Here is the task for the listing below: output exactly the lines from the one containing "Женская футболка цвета" through the one containing "Nhiễm giun chỉ", and leave out the pictures.

-- The data follows --

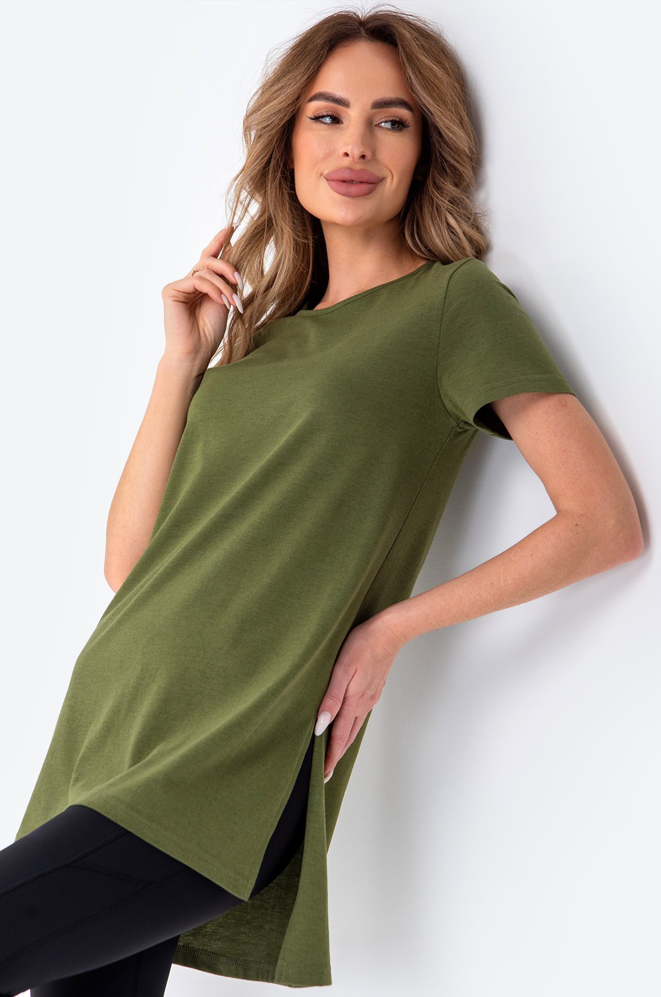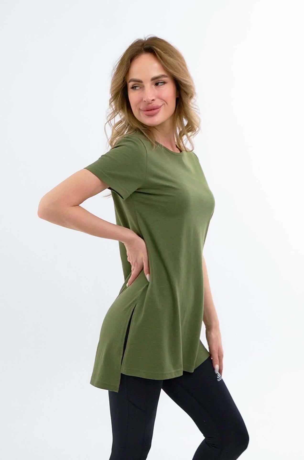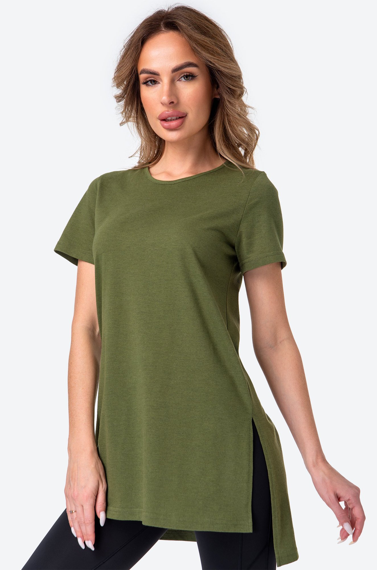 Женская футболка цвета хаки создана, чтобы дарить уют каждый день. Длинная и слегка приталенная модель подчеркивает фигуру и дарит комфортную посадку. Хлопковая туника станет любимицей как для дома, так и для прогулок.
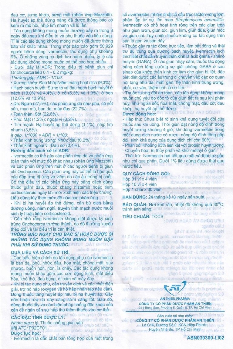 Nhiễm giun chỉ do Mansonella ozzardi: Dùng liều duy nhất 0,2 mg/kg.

-- The data concluded --
-- The data follows --

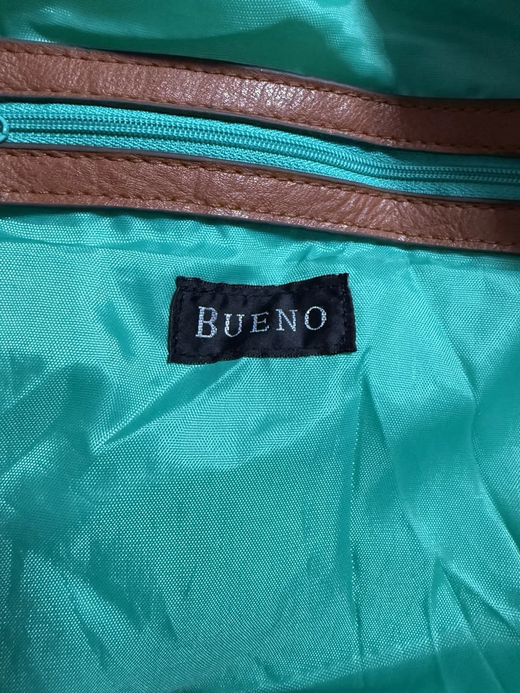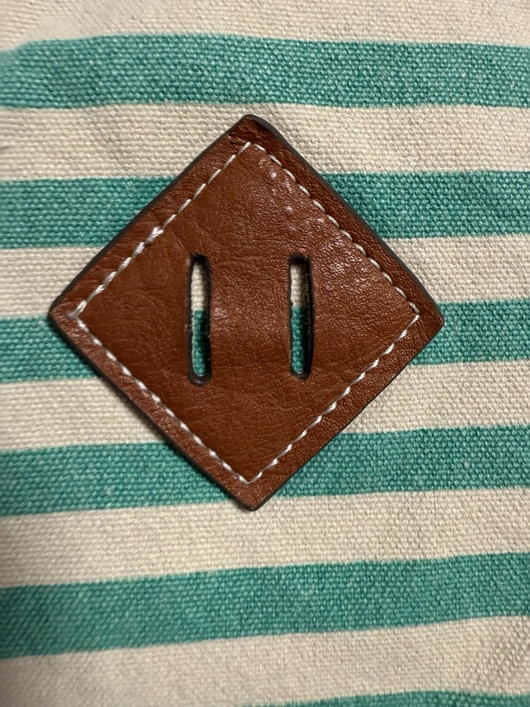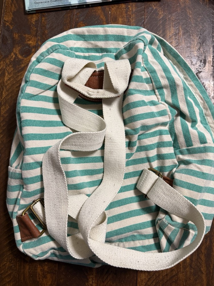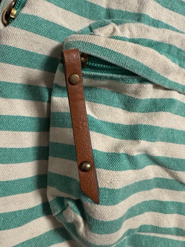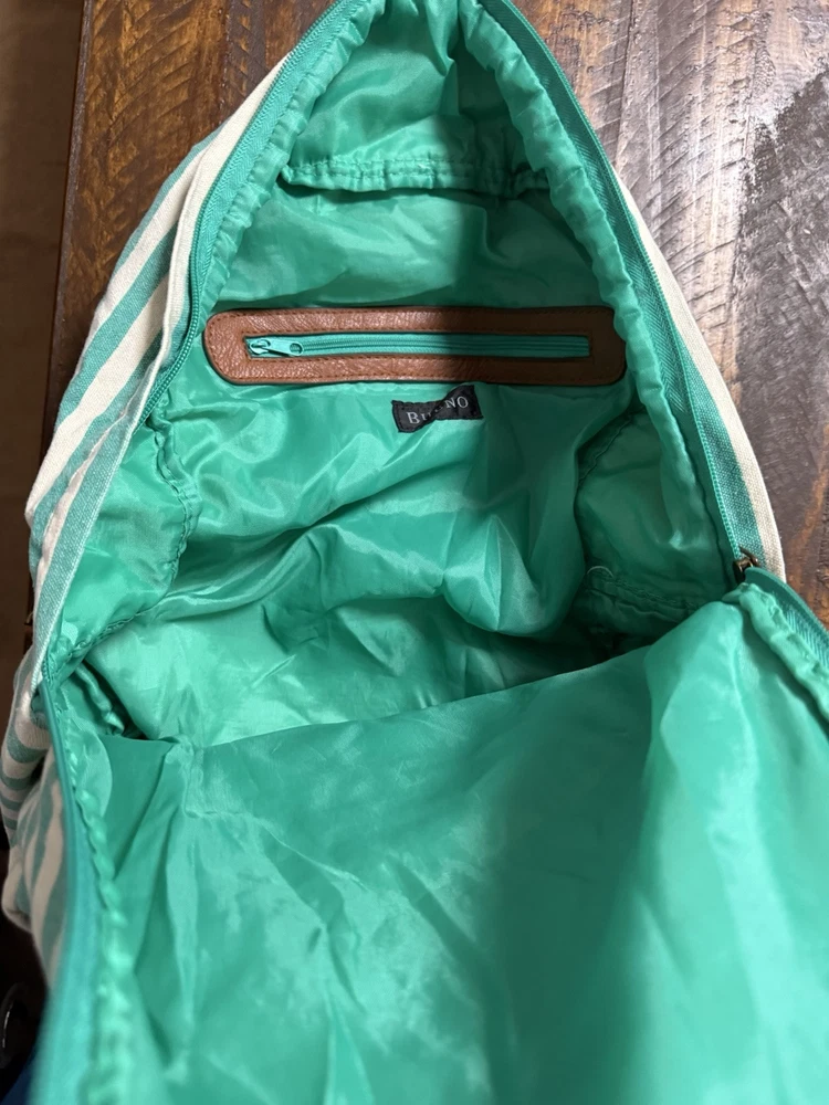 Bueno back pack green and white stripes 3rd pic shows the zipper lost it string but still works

-- The data concluded --

Output for this task |
 Женская футболка цвета хаки создана, чтобы дарить уют каждый день. Длинная и слегка приталенная модель подчеркивает фигуру и дарит комфортную посадку. Хлопковая туника станет любимицей как для дома, так и для прогулок.
 Nhiễm giun chỉ do Mansonella ozzardi: Dùng liều duy nhất 0,2 mg/kg.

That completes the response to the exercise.